Third trip's a charm for Academy's new chief scientist

  • Published
  • By Dave Edwards
  • Academy Spirit staff writer
Col. Brent Richert knows his way around science as well as he knows his way around the Air Force Academy: like an old pro.

A self-described "physics geek," Colonel Richert is just starting his third stint at the Academy. First he was a cadet, then a professor. Now the Arkansas native is the new chief scientist, putting him in charge of a $55-million research budget, by far the largest among service academies.

"My main goal is to help the faculty guide cadets," Colonel Richert said. "I leverage my contacts and information to get people together and bring those research opportunities here. It's all about the cadets. It benefits the faculty as well."

Solving real-world problems through cutting-edge research isn't something undergraduates do at all universities, so Colonel Richert approaches every faculty research proposal with the same question: What will the cadets gain by doing this?

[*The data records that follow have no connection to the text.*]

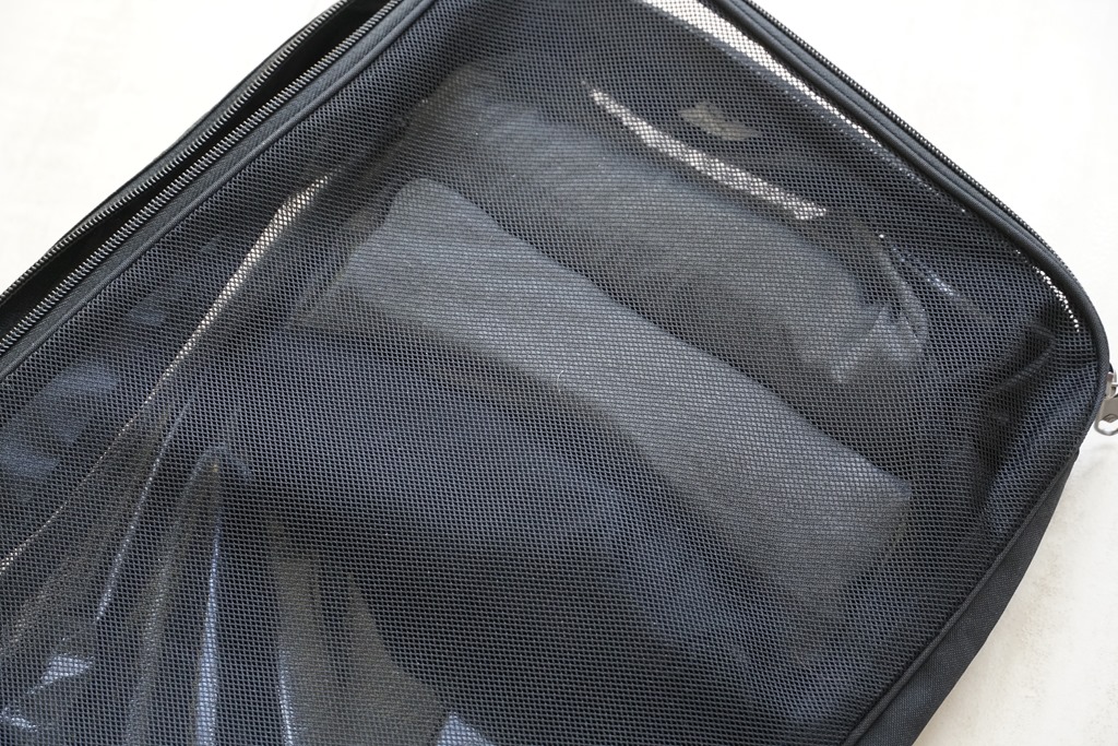 主空間中還有衣物固定網,如果衣物沒有習慣以專屬衣袋妥善保護時,這固定網與束帶可以將直接置放在行李箱的衣服加以固定,衣服就不會因為晃動而產生皺摺。不過我的習慣是會使用收納袋先將衣服整理好後才放入行李箱內,這個我們後面會再提到。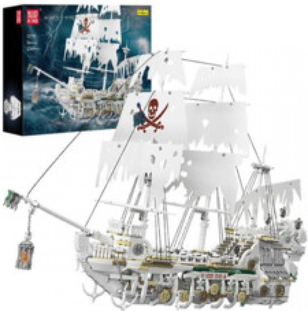Stavebnice pirátské lodi Mould King. Vody brázdí jako bílý duch moří. Loď má roztrhané plachty a paluba je složená z kostek ve tvaru kostí.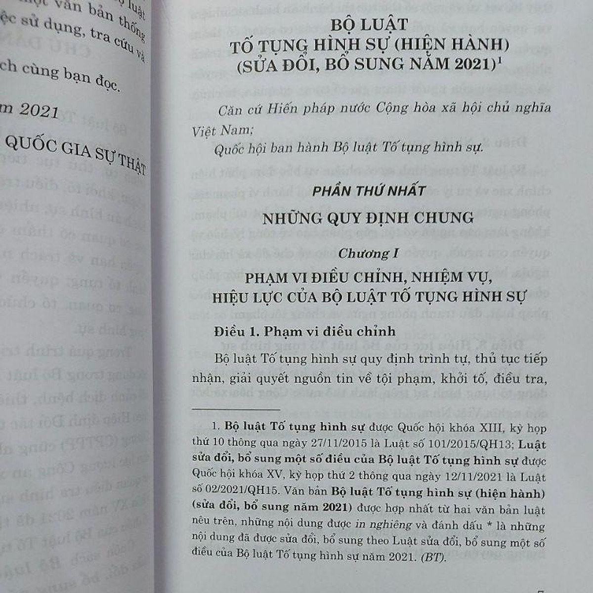 Phiên bản Bộ luật tố tụng hình sự năm 2015 (đính kèm 4 trang nội dung chỉnh sửa năm 2021), nên bạn đọc cân nhắc khi mua tham khảo     Bộ luật tố tụng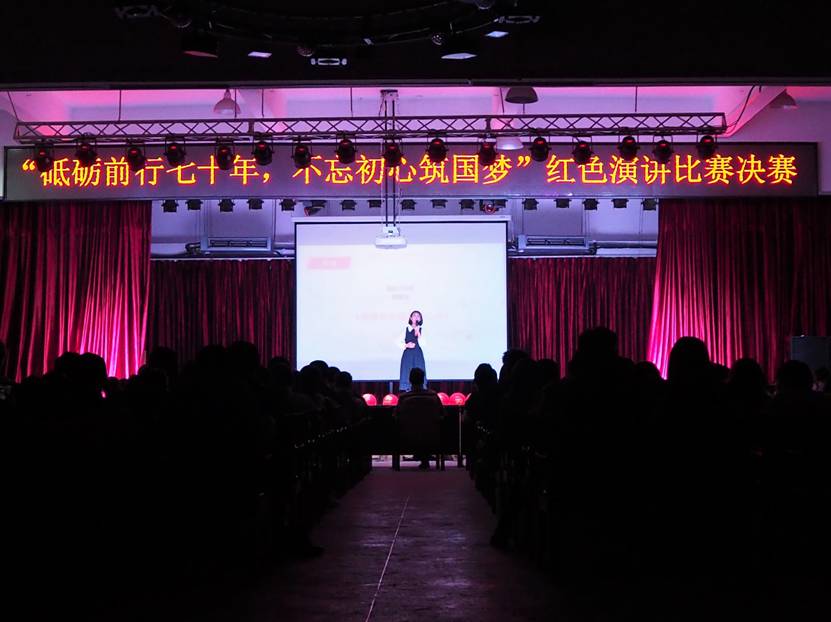 为实现中华民族伟大复兴接力赛跑,提高南华学子的爱国热情,丰富学生们的课余生活,11月4日晚,南华大学beats365唯一官方网站“砥砺前行七十年,不忘初心筑国梦”主题演讲比赛决赛于雨母校区新食堂四楼如期举行。本次演讲比赛的评委小组由院党委副书记谭建跃及学工室全体辅导员、教师组成,十组参赛选手经过了初赛的严格选拔,从激烈的竞争中脱颖而出。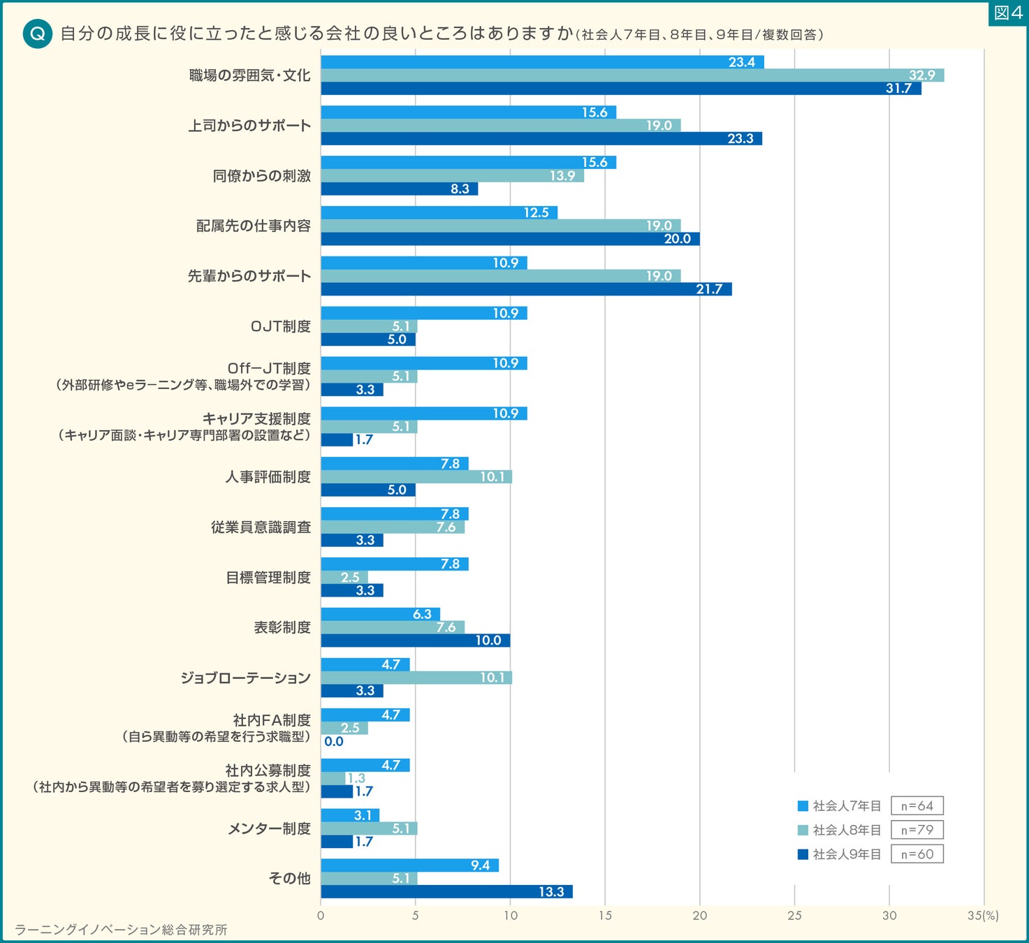 一方、「同僚からの刺激」は、社会人7年目の15.6%から減少傾向にあることもわかりました。(図4)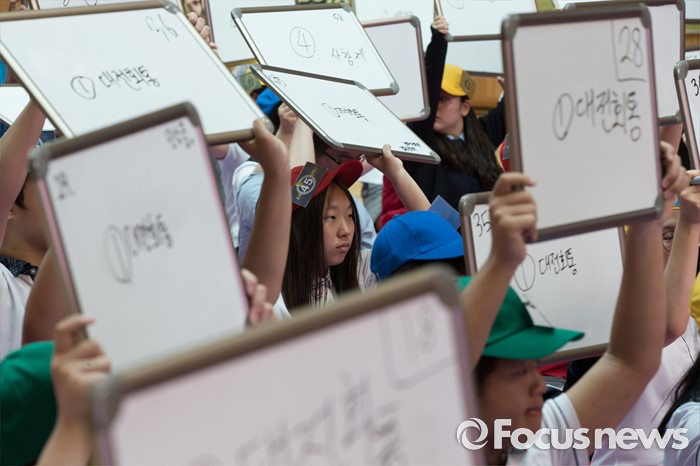 (서울=포커스뉴스) 24일 오후 서울 강북구 신일중학교 체육관에서 열린 근현대사기념관 개관 기념 '역사 골든벨'에 참석한 학생들이 본선 골든벨 퀴즈를 풀고 있다.

The job Colonel Richert inherits from his predecessor, Col. Robert Fredell, has become more complex because of a steadily increasing budget and challenging real-world problems. The Academy's 14 research centers and two policy institutes are focused on issues with roots in the sciences, engineering disciplines and national defense, he explained.

"It's been said that research is a contact sport, so you've got to go out and make contacts," Colonel Richert said. "Part of that (budget) is because we have great ties to other institutions. The Air Force Academy has been very aggressive in reaching out for research opportunities to benefit cadets."

Outreach efforts have extended into Colorado Springs and beyond. The Academy's much-publicized solar array is a massive undertaking that forged a partnership between the Academy and Colorado Springs Utilities. The solar array, funded with $18 million from the federal stimulus bill passed in 2009, forms a key component in the green-energy strategy for the base.

Colonel Richert said the Academy has approximately 90 cooperative research and development agreements with industry and other universities for collaborative research and development.

Another arm of the outreach efforts focuses on K-12 education and the nationwide efforts to foster children's interest in math and science. That initiative is called STEM, an acronym for science, technology, engineering and mathematics.

So far in 2010, the Academy has awarded $480,000 in STEM grants. And earlier this summer, 60 high school teachers from around the state attended science boot camps, equipping them with the tools to scatter the seeds of interest in their classrooms. Also, the Academy's first STEM conference, held last year, drew 250 participants.

Colonel Richert said the STEM program is not a means of recruiting for the Academy, as the very nature of the admissions policy ensures a geographical balance. But he sees the overarching concept as critical.

"You've got to catch them early," he said. "Those who are interested, you want to encourage them so they take the classes they need in middle school and high school."
One of the 14 research programs that Colonel Richert will oversee is the Center for Aircraft Structural Life Extension. Its slogan is "saving lives one crack at a time," and the cadets' research can be applied to both military and civilian aviation.

"This is a one-of-a-kind, hands-on opportunity," wrote Lt. Col. Tim Radsick, the research center's director, for the Academy's 2009 Research Report. "Potentially, some of these cadets may become KC-135 pilots and retire from the Air Force before their plane does."

Academy output as a result of all the research done by cadets and faculty is prodigious. It includes licensable intellectual property, scientific discoveries and more than 300 publications issued annually. In addition, the Academy contracts with more than 120 researchers and technicians to supplement its faculty.

This is the atmosphere Colonel Richert rejoins after a hiatus of more than 15 years. He earned his bachelor's degree in 1983, becoming a distinguished graduate of the Academy. In quick succession, he received a master's degree from the University of New Mexico and a doctorate from Texas A&M University.

From 1989 to 1994, he was an associate professor of physics at the Academy. Since then, he has crisscrossed the country, doing stints in Washington, D.C., Alabama, New Mexico, Hawaii and Virginia. Now he's back at his alma mater.

Cadet researchers are sure to reap continued benefits and can be assured that their activities are in the hands of someone who has been around the block a time or two. Or three.